Feedback on Best Practice for Deploying Software Patches
Posted: Tue Mar 27, 2007 2:18 pm
Do you know the applications SugarCRM/OpenCRM, vTiger, vBulletin, and phpBB? If you were to write a software application like that, where it is intended that you would customize it by changing the PHP, what do you think is the best practice for deploying software patches to it?
For instance, this year or next, I plan to release a kind of mini-CRM product, FOSS-based. However, as I work out all the business plans, I'm trying to think up what is the best software patch deployment model when my patches, if rolled out, could overwrite developer-customized PHP code.

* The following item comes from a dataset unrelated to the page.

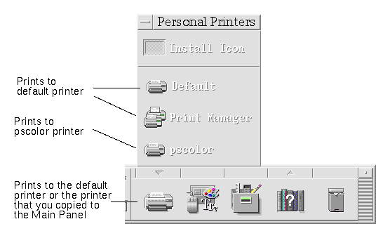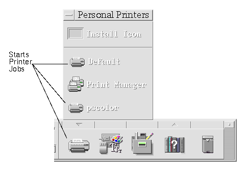 Your system may have more than one printer that you can use for printing. One of the printers will be designated as the default printer. The default printer is the printer that your desktop automatically uses if you submit a document for printing and you don't specify a printer name. When you first open your desktop, the default printer is shown in the Front Panel.

What would you do in my shoes?
I will have these kinds of patches to roll out:
* Critical security patches -- both on the new release and at least on the last 3 major and minor version releases.
* Critical business rules patches -- new releases + last 3 releases. This is for break/fix situations.
* Code improvements/enhancements -- on the latest stable and unstable release, only.
* Minor security improvements -- on the latest stable and unstable release only.
* Minor business rule patches -- on the latest stable and unstable release only.
I could, for instance, release these updates two ways. One way is blindly, where I imagine that the customer has not customized the PHP. This could be of great use to them so that they could run a DIFF and find out what's different, then consider the change. The other could be a DIFF report showing them what code changes were made so that they could consider it.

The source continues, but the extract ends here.